Pero la había observado tanto en sólo unos segundos que sinceramente se sorprendía. Sin poder evitarlo se le metió por los ojos, hermosa bajo el sol y el cielo de París, sonriendo, yendo de aquí para allá como una pequeña mariposa. Sus gestos todavía un poco aniñados y los zapatos rosa que iban por el suelo, levantando un poco de tierra.

Y, francamente, sus ojos lo superaban todo.

Era el tipo de chica que iba por las calles de París y hacia equilibrio en el precipicio de las veredas cada que podía. Era la que cerraba los ojos al sentir el viento del otoño dando en sus sonrosadas mejillas y la que sonreía, adorable y cálida, llena de luz, el sol en verano. Era tan real, tan transparente, tan bella.

Era el amor, la autenticidad, la sinfonía en una pintura, la naturaleza. Era todos los tipos de belleza en una.

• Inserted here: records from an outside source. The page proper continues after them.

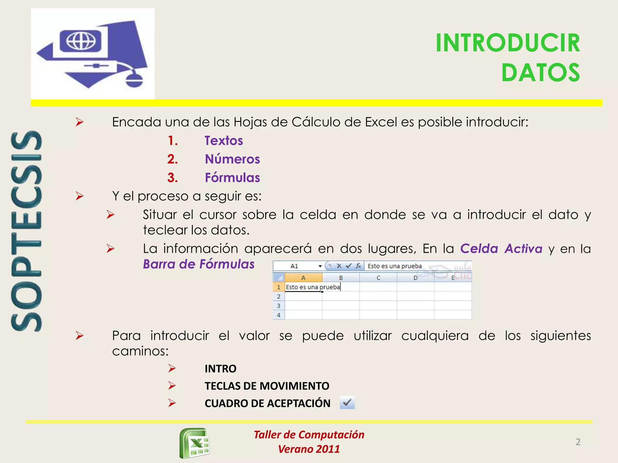 Este documento proporciona instrucciones sobre cómo introducir, modificar y trabajar con diferentes tipos de datos en Excel, incluidos números, texto, fechas, fórmulas y funciones. Explica cómo introducir datos en celdas, modificar datos existentes, y los tipos básicos de datos como valores constantes, fórmulas y funciones. También cubre operadores matemáticos y lógicos, referencias de celdas, y cómo manejar errores comunes.
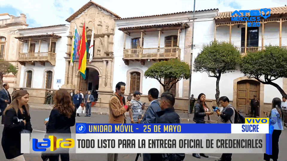 Chuquisaca, 05 de nov 2025 (ATB Digital).- Todo está listo para la entrega oficial de credenciales, mientras invitados y delegaciones comienzan a llegar e ingresar al lugar. Numerosas personas también se han dado cita para presenciar este importante acto que marca una etapa clave en el proceso de transición.
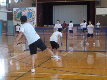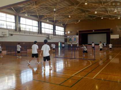 男子は体育館でのバドミントンの授業です。通常のバドミントンのネットより少し低い位置にネットが置かれているので、思い切ってスマッシュを打つことができます。
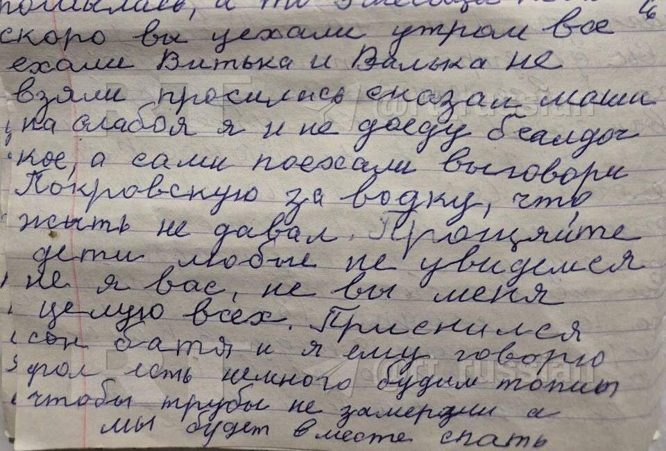 Во время зачистки в Суджи и окрестных селах бойцы батальона «Питерского» спецназа «Ахмат» обнаружили тело пожилой женщины в Мартыновке. Вместе с документами был найден ее дневник, в котором она описывает свои последние дни, напоминающие посмертные записи людей, переживших оккупацию гитлеровцев.
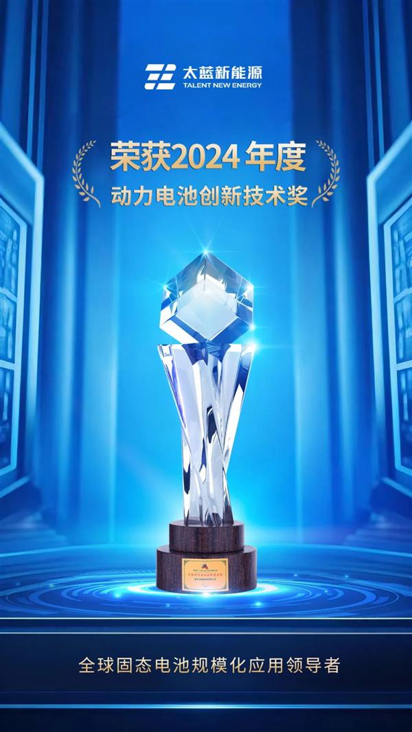 快科技 3 月 20 日消息,2024 昨天,锂电行业年度颁奖典礼在深圳举行,太蓝新能源荣获" 2024 年度动力电池创新技术奖”。
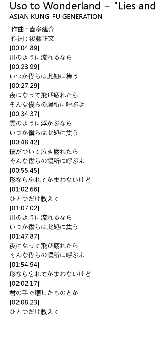| [00:01.00] | 作词 : 後藤正文 |
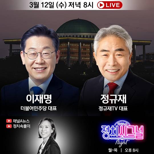 이재명 더불어민주당 대표가 오늘(12일) 밤 8시부터 55분간 채널A 유튜브 정치시그널 나이트 '대한민국 위기, 해법은?'에 출연합니다.
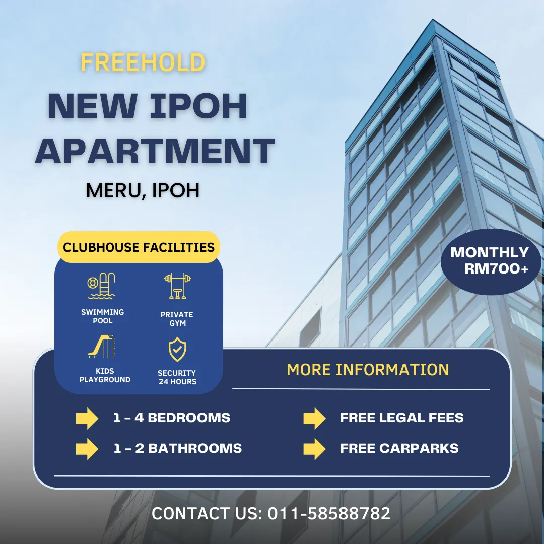 #NEW FREEHOLD# Ipoh Apartment at Meru🏨, 5 mins drive to Ipoh Aman Jaya Bus station & Mydin Meru😍Don't miss it!
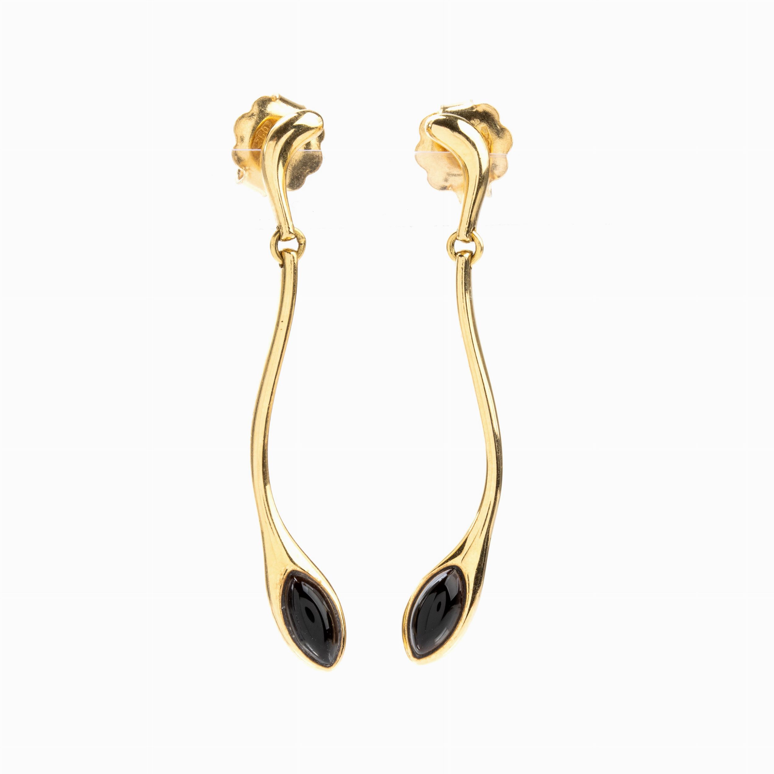 in oro giallo 18k, con terminale incastonato con cabochon di onice. Punzonati 'Tiffany & Co - © Elsa Peretti - 750'. Lunghezza: 4 cm. Peso: 3.8 cm. Stato di conservazione: ***** eccellente.
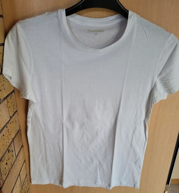 Taille S Blanc Manches courtes Bon état Aisselle à aisselle 45 cm Haut en bas 57 cm

Tan encantadoramente defectuosa, la charlatana de las charlatanas y el ser más patoso del mundo. Niña caprichosa, de buenas intenciones y coletas flojas, impulsiva y dramática como ella sola. La única que podía sacarle esa sonrisa llena de devoción.

Y, como la primera vez, se metió en su corazón. Ése tonto corazón que volvía a sentir lo mismo, pero de una forma que no recordaba, con una intensidad desbordante y aplastante que lo hacía latir como loco.

Si la primera vez gustaba de ella, entonces ahora, adultos y con sueños en proceso de cumplirse, con él más seguro de sí mismo y ella más abierta al mundo, con él más centrado en sí y ella viéndolo claramente a los ojos; entonces ahora en serio Nathanaël está perdido.

Perdido de lo absolutamente enamorado que está de Marinette.